When the brake pedal 2 is depressed in a normal manner from this inoperative condition, the pedal force F_p does not reach a set value F_p0, that is, a pedal-ratio change condition is not established. For this reason, the second lever member 2a₂ is caused to pivot clockwise in FIG. 6(a) with the connection shaft 2a₇ being the center, and as a consequence, the second lever member 2a₂ causes the first lever member 2^a₁ to pivot clockwise via the second pivot shaft 13, with the first pivot shaft 11 being the center. However, since this pivot force of the first lever member 2a₁ effected by the second lever member 2a₂ is small, the engaging means 15 does not disengage from the retaining portion 41 and is kept engaged in the retaining portion 41. Accordingly, the first lever member 2a₁ does not pivot and only the second lever member 2a₂ pivots clockwise in FIG. 6(a), with the second pivot shaft 13 being the center. Consequently, the third lever member 2a₄ pivots counterclockwise via the fourth lever member 2a₅, with the shaft 37 being the center, and the input shaft 3a strokes forward, actuating the booster 3, whereby a normal brake is operated. When releasing the brake pedal 2, each of the lever members 2a₄, 2a₅, and 2a₂ pivots in an opposite, inoperative direction, and the brake pedal apparatus 50 enters an inoperative condition shown in FIG. 6(a), whereby the normal brake is released.

For example, when the brake pedal 2 is depressed more strongly than usual because of emergency braking or the like, the pedal force F_p is the set value F_p0 or higher; that is, the pedal-ratio change condition is established. Accordingly, since the pivot force of the first lever member 2a₁ effected by the second lever member 2a₂ is great, the engaging means 15 disengages from the retaining portion 41, as shown in FIG. 6(a), and the first lever member 2a₁ pivots clockwise in FIG. 6(b), with the first pivot shaft 11 being the center, and the second lever member 2a₂ pivots in the same direction, with the connection shaft 2a₇ being the center.

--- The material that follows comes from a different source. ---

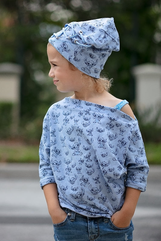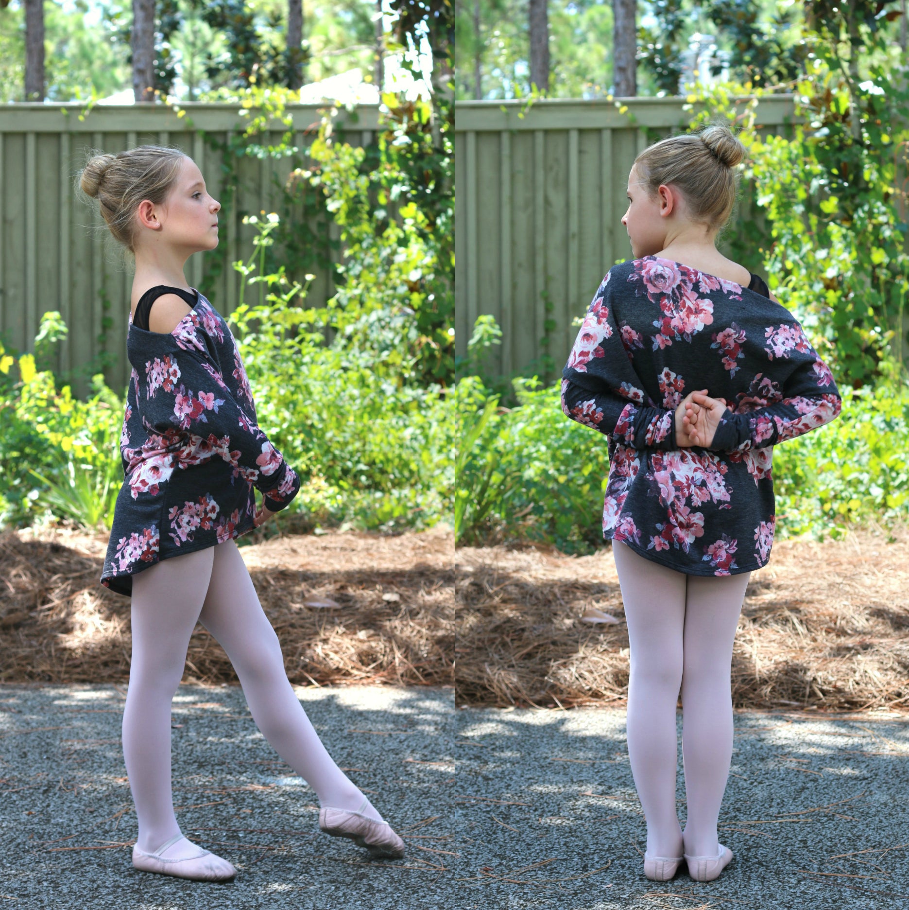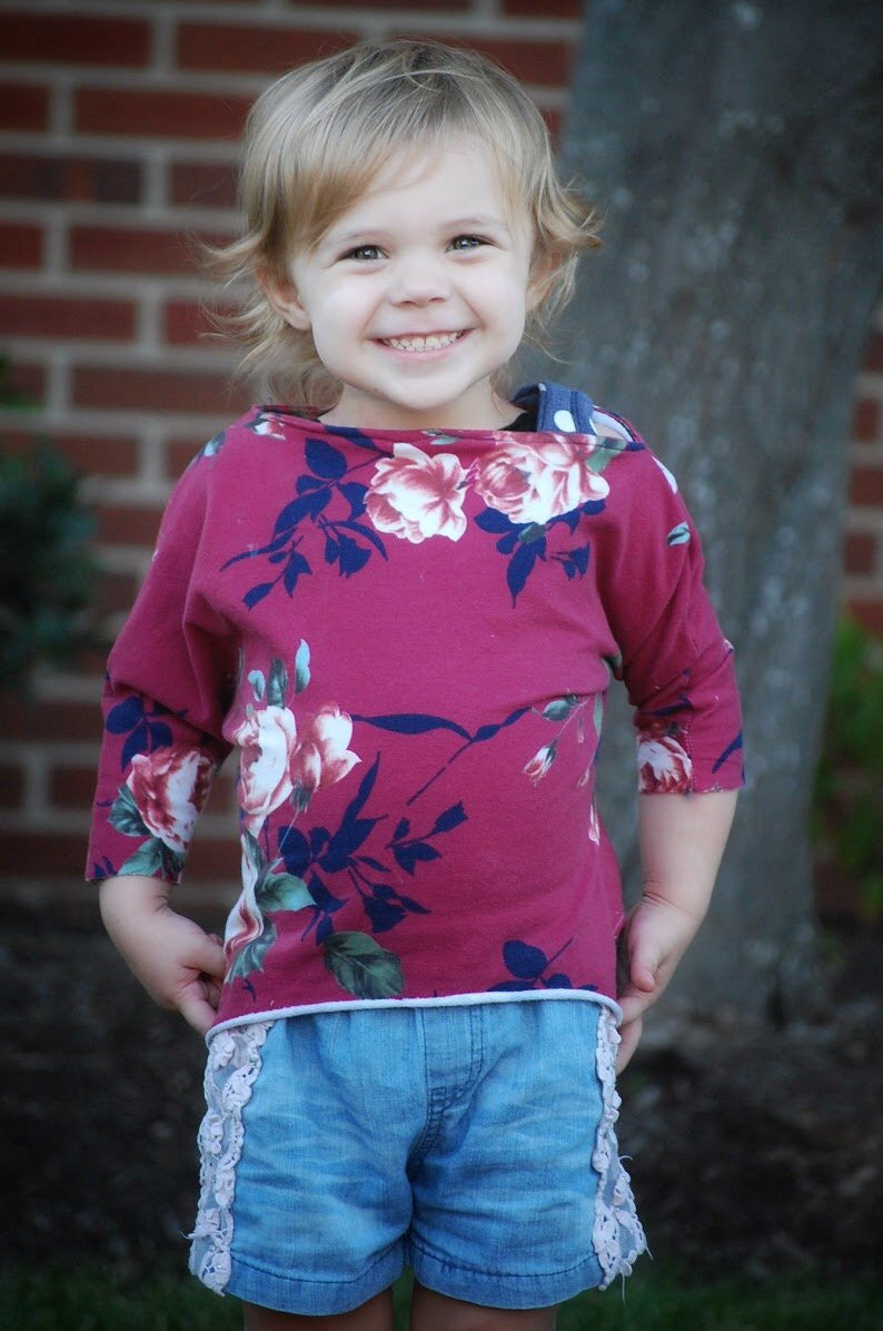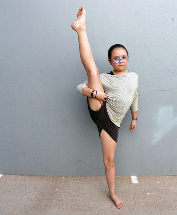 Whether used as a cover-up for dance, or a statement piece in her wardrobe, your girl is sure to adore her stunning Hideaway dolman! Featuring a cozy off-the shoulder neckline, optional straps, and fitted long-sleeve cuffs, this pattern will have her strutting confidently into the studio, or snuggling up with her favorite book to read! Not to worry--with 3/4 and even short sleeve options, the Hideaway is guaranteed to be an around-the-year favorite.

At this time, the engaging means 15 shifts from the abutting surface of the V-shaped groove of the retaining portion 41 to the abutting surface of the arc-shaped member surface 39a of the arc-shaped member 39, while abutting against the abutting surfaces such that the contact angle (specifically, the contact angle with the first lever member 2a₁ and the arc-shaped member 39) does not change continuously but changes abruptly. In addition, since the pivot amount of the first lever member 2a₁ is greater than that of the second lever member 2a₂, the first pivot shaft 11 immediately abuts, at the beginning of the pedal depression, onto the stop portion 2a₈ of the second lever member 2a₂, which is slightly spaced from the first pivot shaft 11, resulting in a balanced position between the first lever member 2a₁ and the second lever member 2a₂. Thereafter, the first lever member 2a₁ and the second lever member 2a₂ pivot unitarily with the first pivot shaft 11 being the center. Thus, the pedal ratio is changed into a greater pedal ratio than that at the time of normal pedal depression. That is, the MCY pressure has so-called inverse two-stage characteristics in which as the pedal force F_p increases, the MCY pressure increases with a greater boosting ratio than that in conventional ones.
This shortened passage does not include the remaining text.